В главе 7 «Когнитивная лингвистика» описывается направление лингвистики,
которое связывает язык с широким кругом явлений, относящихся к познанию.
Глава 8 «Психолингвистика» посвящена описанию процессов порождения и
понимания речи. Механизмы усвоения языка рассматриваются в главах 9 и 10
(соответственно «Усвоение родного языка» и «Усвоение второго языка»).
В ­главе 11 «Нейролингвистика» описываются мозговые механизмы речевой
деятельности. В завершающей эту часть главе 12 «Невербальная коммуникация»
обсуждаются просодия и язык тела — жесты, мимика, направление взгляда.
Часть III «Языковое многообразие» посвящена сходствам и различиям языков мира. Глава 13 «Языки мира и языковое разнообразие» содержит общее
введение в проблематику. В главе 14 «Сравнительно-историческое языкознание» описывается раздел лингвистики, который занимается установлением
родства языков, построением генеалогических классификаций языковых семей, а также реконструкцией незасвидетельствованных языковых состояний.
Раздел лингвистики, описанный в главе 15 «Типология», занимается сравнением и классификацией языков с точки зрения их структуры. В главе 16 «Социолингвистика» язык рассматривается в его связи с социальными функциями и
механизмами. Наконец, в главе 17 «Кросс-культурная прагматика» описывается совокупность дисциплин, изучающих воздействие различных социокультурных факторов на языковую структуру и языковую деятельность.
Часть IV «Методы» посвящена современным методам языкознания. В главе 18 «Интроспекция» обращение к интуиции говорящего рассматривается как
элемент исследовательской методологии. В главе 19 «Эксперимент» вводится
понятие научного эксперимента и описывается его использование в лингвистике.
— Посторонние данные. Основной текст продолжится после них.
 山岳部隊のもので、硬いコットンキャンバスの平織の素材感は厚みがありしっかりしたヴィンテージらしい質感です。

В главе 20 «Полевая лингвистика» рассматривается комплекс эвристических
методов исследования и описания языка, которым исследователь не владеет и
всю информацию о котором получает от его носителей. Глава 21 «Корпусная
лингвистика» разрабатывает общие принципы и методы создания лингвистических корпусов и использования корпусных данных. В главе 22 «Моделирование» на языковом материале описывается еще один метод исследования —
построение модели некоторого явления, не поддающегося непосредственному
наблюдению. Глава 23 «Транскрибирование устной речи» посвящена представ-
10
От редакторов-составителей
лению устной речи в виде транскриптов. Глава 24 «Квантитативные методы»
предлагает описание исследований, в которых оценивается частотность зависимостей между лингвистическими и экстралингвистическими параметрами,
способными влиять на дистрибуцию языковых данных.
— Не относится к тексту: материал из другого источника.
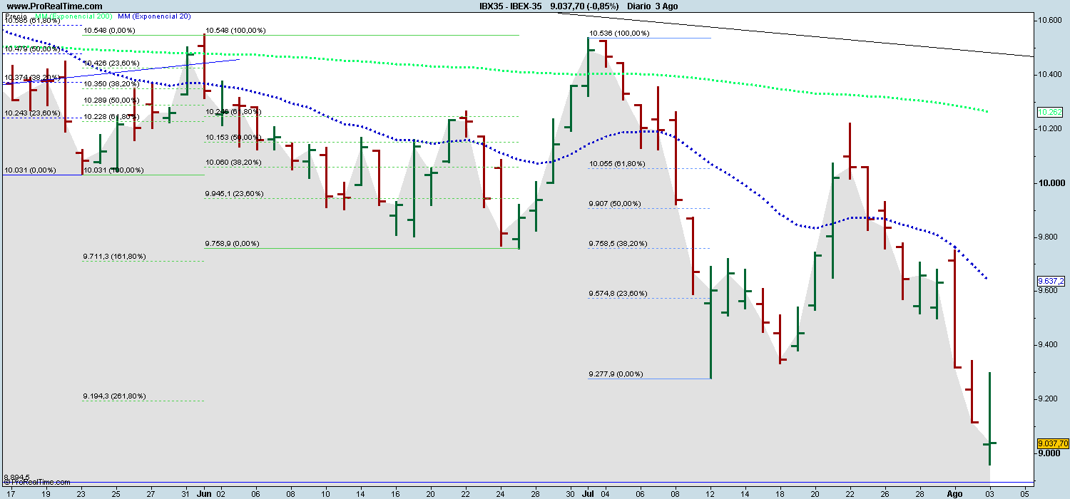 Hay que decir que situaciones extremas como la actual llevan consigo rebotes bruscos debido a la sobreventa acumulada en gráfico diario, pero mientras no se supere el nivel de los 9.575 puntos en primera instancia y los 9.850 puntos en segunda instancia, van a ser simples rebotes. El escenario más probable es el expuesto anteriormente.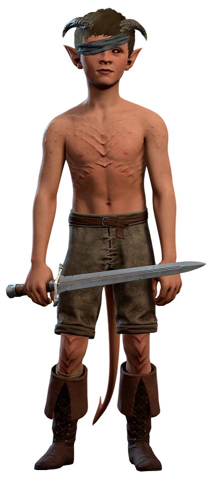 Gan is one of the tiefling refugees sheltering at the Emerald Grove in Act One.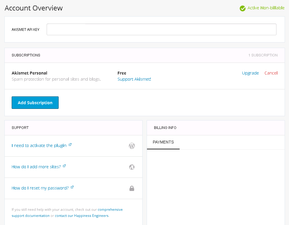 Akismet 무료버전은 오로지 비 상업용 사이트에 스팸 방지 기능만 제공하며, 상업용으로 사용하시려면 유료 버전을 사용해야 할 것 같습니다.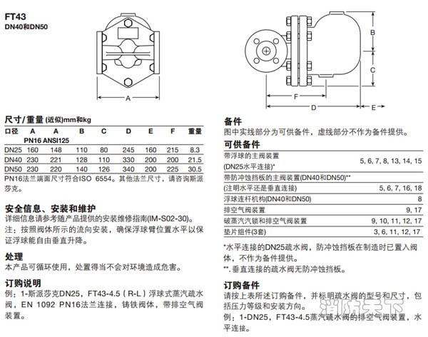 斯派莎克FT43浮球疏水閥是利用蒸汽和冷凝水的密度差來操作的。這種類型的疏水

Часть V «Прикладная и компьютерная лингвистика» посвящена приложениям теоретической лингвистики — созданию словарей (глава 25 «Лексикография»), накоплению информации о естественных языках, а также методам ее
сбора, хранения и распространения (глава 26 «Документация»), разработке
письменностей (глава 27 «Алфабетизация»), фиксации звучащей речи и передачи письменной речи средствами другой графической системы (глава 28
«Транслитерация и транскрипция»). Современным компьютерным методам
анализа устной речи и текста посвящены соответственно глава 29 «Автоматиче­
ская обработка звучащей речи» и глава 30 «Автоматическая обработка текста».
В главе 31 «Извлечение информации из текста» описана смежная задача — автоматический анализ контента.
Последняя шестая часть книги и одноименная глава 32 «История языкознания» посвящены описанию лингвистических традиций от I тысячелетия до н. э.
до наших дней.
Для кого предназначен этот учебник? Чем он отличается, например, от
классического учебника «Введение в языковедение» А. А. Реформатского, который рекомендован в качестве учебника для студентов филологических специальностей? Учебник А. А. Реформатского был написан в 1947 г., а последнее
уточненное прижизненное издание вышло в 1967 г. За прошедшие 50 лет лингвистика претерпела огромные изменения. Некоторые ее разделы наполнились
принципиально новым содержанием (например, синтаксис), а многие другие и
вовсе сложились как самостоятельные дисциплины после конца 1960-х гг. (например, дискурсивный анализ, когнитивные исследования, в значительной
степени компьютерная лингвистика). Другая популярная книга, рекоменду­
емая в качестве учебника — «Введение в языкознание» Ю. С. Маслова (первое
издание 1975 г., последнее переработанное издание 1987 г.) также заметно
­устарела. В качестве введения в предмет для студентов общефилологического
профиля оба учебника по-прежнему незаменимы, однако отсутствие специализированного пособия по специальности «Фундаментальная и прикладная
лингвистика» все более воспринималось как существенная лакуна, которую,
как мы надеемся, хотя бы отчасти заполнит это издание.
Учебник будет полезен двум категориям читателей. Во-первых, это студенты, получающие образование по программе подготовки «Фундаментальная и
прикладная лингвистика». Учебник отражает опыт преподавания на Отделении теоретической и прикладной лингвистики МГУ имени М. В. Ломоносова,
но будет, как мы надеемся, полезен преподавателям и студентам других отделе-
От редакторов-составителей
11
ний с такой же программой, реализуемой сейчас более чем в 20 классических
и технических университетах по всей России — в Санкт-Петербурге, Воронеже, Владивостоке, Махачкале, Саратове, Перми и т. д. Студенты бакалавриата
смогут использовать учебник в первую очередь при освоении курса «Введение
в специальность», а также при подготовке к выпускным экзаменам. Студенты
магистратуры и аспирантуры, поступающие на отделения ТиПЛ/ФиПЛ из других учебных заведений, смогут подготовиться к вступительным экзаменам.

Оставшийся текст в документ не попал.